三陽ミュージアムでは、8月3日までフェア「七夕まつり」を開催しています。これに合わせ、光庭では植物企画展「お星さまにちなんだ植物展」で、星にちなんだ品種名がついていたり、形が星に似ていたりする色々な植物を展示しています。
 また、同じく光庭では「グリーンカーテンにできるつる植物展」で、グリーンカーテンにするには定番のゴーヤやアサガオ類をはじめとした、30種類ほどのつる植物を展示しています。

 館内、アトリウムでは「イチゴ姫のベジタブルガーデン」のテーマで、観葉植物と野菜や果物の庭が、温室ではバナナやハイビスカス、ヘリコニアなど、熱帯地方に咲く花がご覧いただけますので、どうぞお越しください。

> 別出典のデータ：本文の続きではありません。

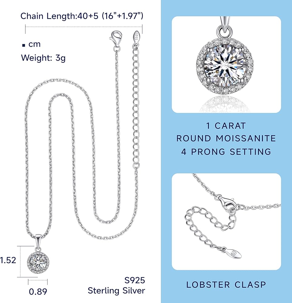 💎【Comfortable Wearing】➣ The moissanite pendant necklace is crafted with precious S925 sterling silver, lead and nickel free, hypoallergenic, will not make your skin green, red or inchy. Safe for sensitive skin. The silver chain is sturdy, and can be adjusted from 16 inches to 18 inches. The spring clasp is easy to wearing.

 前庭では、夏休みに合わせるようにやや草丈の低いヒマワリの花壇が見頃になってきました。たくさんのヒマワリの花がいっせいに咲く様子には、見ているこちらも元気をもらえるように感じます。
 元気な夏の花壇をぜひご覧ください。たくさんの皆様のお越しをお待ちしております。

 
 それでは、今週は前庭のヒマワリ花壇から見頃の花をご紹介しようと思います。

【ヒマワリ “モネパレット”】 キク科 ヘリアンサス属
 前庭花壇で、やや小さなヒマワリが見ごろになっています。例年、クレオメを8月まで植えていた花壇を、今年は7月からヒマワリ花壇にしたのですが、一面ヒマワリで、夏らしい風景がとてもいいです。
 今回のヒマワリは、いろいろな花が咲くミックスの品種で、「モネパレット」という名前の品種です。よく見ると色々な色、形の花があり、面白いです。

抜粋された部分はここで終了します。